Final Table for Minimum Scalar Multiplications
| i, j | m[i,j] |
|---|---|
| m[1,1] | 0 |
| m[1,2] | 3000 |
| m[1,3] | 10500 |
| m[1,4] | 6250 |
| m[2,2] | 0 |
| m[2,3] | 15000 |
| m[2,4] | 5250 |
| m[3,3] | 0 |
| m[3,4] | 3750 |
| m[4,4] | 0 |
So the minimum number of scalar multiplications to multiply the entire chain of matrices is 6250.
Part (ii): Computational Complexity of the Algorithm
The time complexity of the matrix chain multiplication dynamic programming algorithm is ( O(n^3) ), where ( n ) is the number of matrices in the chain.
Explanation:
- Outer Loops (k, i, j): The algorithm iterates over all subproblems (subchains of matrices) that we need to solve.

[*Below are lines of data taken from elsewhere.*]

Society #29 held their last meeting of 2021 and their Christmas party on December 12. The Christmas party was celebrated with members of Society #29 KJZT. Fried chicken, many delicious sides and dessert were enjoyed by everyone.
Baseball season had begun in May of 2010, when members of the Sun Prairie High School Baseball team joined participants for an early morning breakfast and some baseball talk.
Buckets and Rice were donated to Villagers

There are three nested loops:
- The outer loop runs for different chain lengths, from 2 to ( n ).
- The second loop goes through all possible starting points of the chain (i.e., it chooses the first matrix in the chain).
- The innermost loop finds the optimal split of the chain at each position.

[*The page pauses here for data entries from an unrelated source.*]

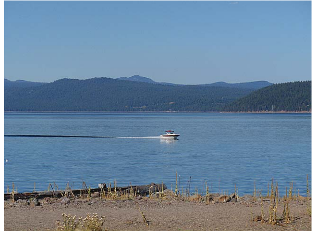
Photo 1b, VAU MA, KOP 1. View of Lake Almanor looking north from the Marvin Alexander Day Use Area waterfront.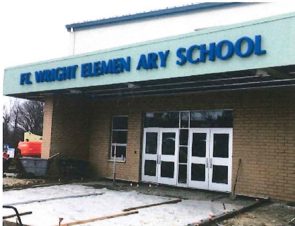
2018.03.29 – Entrance lettering with a missing "T."

20-28.05: 2018.04.12 – Electric hand dryers were installed and operational.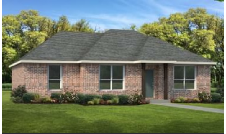
Elevation A - The Rio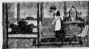
Dust in the Bed Room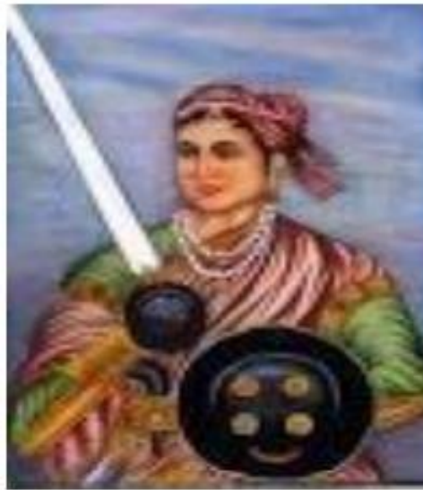
Rani Laxmibai was one of the leading figures of the Indian rebellion which broke out in 1857.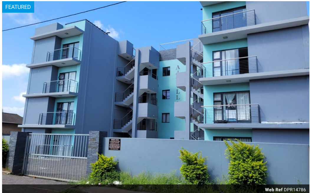
Web Ref DPR14786

- Work per Subproblem: Each subproblem involves a constant amount of work — finding the minimum cost split and calculating the scalar multiplications for that split, which is ( O(1) ).
Thus, the overall complexity is ( O(n^3) ), where ( n ) is the number of matrices in the chain. For ( n = 4 ), the complexity is still ( O(4^3) = O(64) ), which is a manageable size for small chains like the one in this problem.